WARNING: THIS IS THE SCARIEST REVIEW OF ALL TIME
Mike: (English accent) Greetings and salutations. He’s not Mike.
Ike: (Southern accent) He ain’t Ike. Strap in, nuggets, and ya better take notes. There will be a quiz.
M: It started in 1974 with the release of The Texas Chainsaw Massacre. The main characters—our heroes, if you will—are either nondescript or just really annoying. Last 20 minutes of the film, I wanted Sally to die so she’d shut the hell up!
I: Jump cut ta 1980. Friday the 13th makes the blueprint for pretty much every studio “horror” flick ever since: annoyin’ people die either before, durin’, or after sex cause someone got seriously boned in the past.
M: And horror films stopped trying to push limits and became all about nasty things happening to nasty people.
I: And with the release of home video, they became all ‘bout zombies.
M: There are four character types in horror films now: idiots, assholes, virgins, and sluts
I: Pick one from column A, one from column B, then move on to the next victim.
M: Granted, this cookie cutter character creation works for pretty much every film genre nowadays, but it hurts horror the most.
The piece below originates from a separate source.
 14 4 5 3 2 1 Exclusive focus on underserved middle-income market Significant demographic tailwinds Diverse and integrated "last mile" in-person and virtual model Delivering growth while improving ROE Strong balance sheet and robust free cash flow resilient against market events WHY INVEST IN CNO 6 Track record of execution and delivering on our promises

You need likeable characters so the bad stuff has some kind of emotional resonance otherwise it’s nothing but
I: Nasty things happenin’ ta nasty people.
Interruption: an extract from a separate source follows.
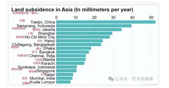 中國哪些城市地面下沉速度最快

M: Which brings us to Paranormal Activity or, as we like to call it: Blair Witch 2: Electric Bugaloo.
I: Ten years ago, The Blair Witch Project used a fairly new porn gatherin’ tool called the internet ta create a media sensation usually reserved for, well-porn! The flick, which was made for about thirty six bucks, grossed over 84 billion durin’ its initial release.
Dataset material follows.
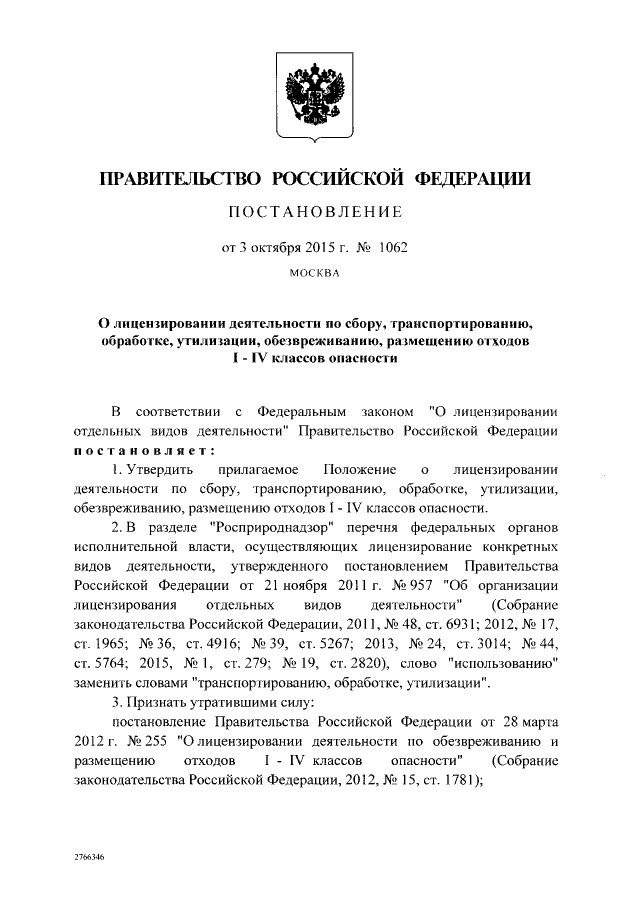Постановление Правительства Российской Федерации от 03.10.2015 № 1062

M: It featured three fairly annoying college students who decide to film themselves dying in mysterious ways so they can get on a few talk shows and not work in the industry again.
I: Was the flick good? Not really. It’s 70 minutes of these schmucks whinin’ and 11 minutes of somethin’ happenin’ that we can’t see cause they shot it in Epilepsy Vision.
M: But people went to see it in droves—
I: What IS a drove?
M: Two and a half throngs.
I: Okay.
M: Well, Paranormal Activity is a lot like Blair Witch. It was shot for ten dollars in the director’s bedroom, and the producers’ used the internet to create a sensation that the film really doesn’t deserve.
I: Paranormal Activity features a fairly annoying couple who set up a video camera ta record the title of the flick which is happenin’ in their bedroom.
M: And like Blair Witch, the first hour is filled with little scares and lots of whining.
I: Unlike Blair Witch, the last half hour is scary and won’t make ya throw up.
M: We wish we’d seen this film before the hype machine took over. Don’t get us wrong. It’s a brilliant marketing campaign.
I: And for that reason alone, we’re happy for the success it’s getting.’
M: But after hearing for months that this “was the scariest film of all time,” and seeing all the video of the sheeple screaming and coping feels, we walked into this prepared for “the scariest film of all time.”
I: And, sorry guys, but High School Musical 3 still has the title.
M: We also might have liked this a little more if the leads weren’t so realistically annoying.
I: We don’t wanna see our neighbors deal with ghosts. We don’t wanna see our neighbors.
M: So Paranormal Activity IS worth seeing.
I: It’s the little movie that could with the help of a good PR rep.
M: And it t-bagged Saw VI this week-end, which makes us happy.
I: Just don’t go in thinkin’ it’s the scariest flick ever.
M: Then who knows, it just might be.
I: Namaste.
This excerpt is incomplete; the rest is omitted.